Дальше в дневнике – опять сплошные сопли про любовь, что сказала она, пришла или не пришла, что я думаю по этому поводу, немыслимо сложные рассуждения по поводу загадочности девичьего сердца. Как будто тогда я мог думать. Объяснения с Борей Стрельцом: "до того" с Ирой "дружил" он.
А вот и объективные данные. Учить ничего не хочется. Денег – нет, не хватает на табак, кино и лезвия для бритья. Впрочем, это все мои расходы. Пропадаю допоздна в заводе, – мама сердится. Райком комсомола поручает мне провести проверку комсомольской организации в Семеновке, – это небольшая деревушка с колхозом километра за два от завода. Я с радостью хватаюсь за это мероприятие: Ира живет прямо на территории завода; я мечтаю увлечь ее с собой в эту Семеновку. От щенячьего восторга перехожу на немецкий с ошибками: "Мой далекий прекрасный девушка! Ich immer mit dir! Du immer mit mir!". Увы, немецкий мы знаем чуть хуже нашей учительницы – старой девы. А она умеет только спрягать "ich habe gehabt haben, du hast gehabt haben…" – und so weiter. А ведь немецкий придется сдавать… С тоской вспоминаю о стрельбе по умной голове казахстанского Берина, и предпринимаю отчаянные попытки овладеть чужим языком по учебникам для средней школы. Кроме "Anna und Marta baden" с блеском овладеваю высокой ступенью: "Wir fahren nach Anapa", дальше дело стопорится.
Второй том записок (14. 03. 49-11. 05. 49) открывается велеречивым недовольством собой на тему: "хочется – получается". Получается – "пошло, глупо, натянуто". Привлекается в помощь Лермонтов: "… но как враги избегали признанья и встречи, и были пусты и хладны их краткие речи".
Запись: "Очень мало готовлюсь к урокам". Зато: прочитал: "Евгений Онегин", "Остров голубых песцов" Ильницкого, "Казаки" Толстого, "Избранные философские сочинения" Белинского, "Два капитана" Каверина, "Герой нашего времени" Лермонтова (пятый раз), "Посмертные записки Пиквикского клуба" Диккенса.
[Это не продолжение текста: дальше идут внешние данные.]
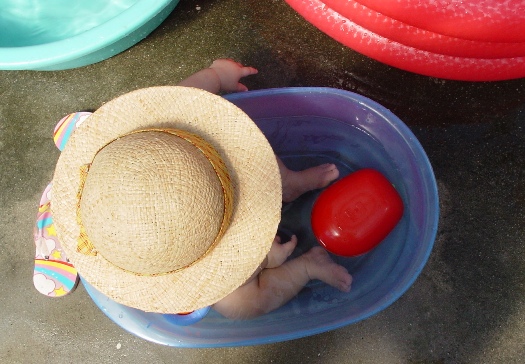 朝、あずさ再来。 子どもたちが再集合したので、車庫にビニールプールを出しました。 さすがに小学生2人には小さいので、大きなたらいも出してバシャバシャ。 ついでに小さいたらいも出して、長女ちゃんも初プール。

Да еще "погружаюсь в Нирвану" для осмысления прочитанного. "Меньше спишь – меньше спать хочется".
"Новый директор ПС выгнал из школы за пение песен во время свободного урока. ПС – ишак: душит таланты". (В действительности "Зверь Сидорович" Кириченко любит и как-то выделяет меня, я это чувствую. Разглядывая мои мышцы у пруда, он обратился ко мне на "ты", сказал, что мне надо заниматься гимнастикой. Сам он запросто крутит солнце на турнике. Прощаясь на выпуске из школы, он подарил мне драгоценную, необычайно точную, логарифмическую линейку. Эта линейка ездила со мной везде, хранится и используется до сих пор. Дарителя уже давно нет в живых, – он еще молодым просто сгорел на работе. Да и военная контузия видно даром не прошла. Пусть земля тебе будет пухом, живой, неугомонный человек… Пусть твой, успевший родиться сын, будет таким же, как ты).
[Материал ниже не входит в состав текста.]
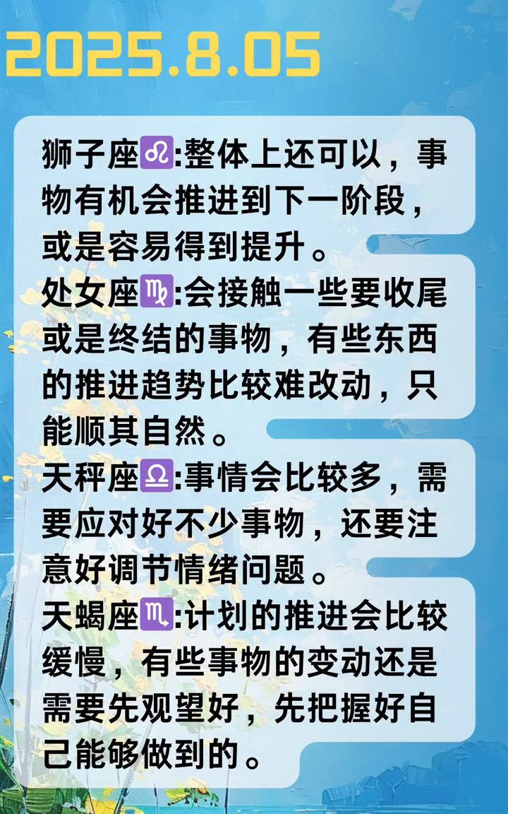 青月每日星座。 ·白羊座:事情会比较多,需要应对好以前累积的一些问题,需要安排好。 ·金牛座:没有得到比较好的关注或认同,事物的沟通和协调还有所不足,注意处理好。 ·双子座:得到的关注没有达到预期,或是帮助没有比较好的效果,还需要自己调整。 ·巨蟹座:事物的推进没有达到预期,或是发展没有那么理想,得到的帮助有限。 ·狮子座:整体上还可以,事物有机会推进到下一阶段,或是容易得到提升。 ·处女座:会接触一些要收尾或是终结的事物,有些东西的推进趋势比较难改动,只能顺其自然。 ·天秤座:事情会比较多,需要应对好不少事物,还要注意好调节情绪问题。 ·天蝎座:计划的推进会比较缓慢,有些事物的变动还是需要先观望好,先把握好自己能够做到的。 ·双鱼座:一些事物容易被其推进会比较缓慢,有些事物的变动还是需要先把握好自己能够做到的。 ·射手座:容易得到团队的帮助,或是在集体活动中有比较好的表现,整体上还可以。 ·摩羯座:能够得到长辈或上级的关照,一些事物也容易得到比较好的指引。 ·水瓶座:得到的关照有限,或是一些准备有所不足,注意安排影响,需要分心去处理,注意调整好自己的安排。

В Семеновку моя пассия не пошла, а я сам неожиданно увлекся и зачастил туда. Организовал собрание колхозной молодежи, выступил там с пламенной речухой о том, что нам, молодым, строить этот мир. Опять собрание – уже комсомольское, приняли в комсомол двух человек. Задача новой организации была поставлена не слабая: восстановить комсомольское молодежное звено со звеньевой Верой Слойко. Веру "ушли", так как она отбила мужа у другой звеньевой, у которой был контакт с бригадиром. У меня хватало тогда невежества и наглости, чтобы разбираться во всех этих отношениях и чего-то требовать. Сейчас-то я твердо знаю, что в этих делах, отношениях между мужчиной и женщиной, – даже Господь Бог не может быть советчиком и руководителем. Тогда же я уповал всего лишь на комсомольскую дисциплину…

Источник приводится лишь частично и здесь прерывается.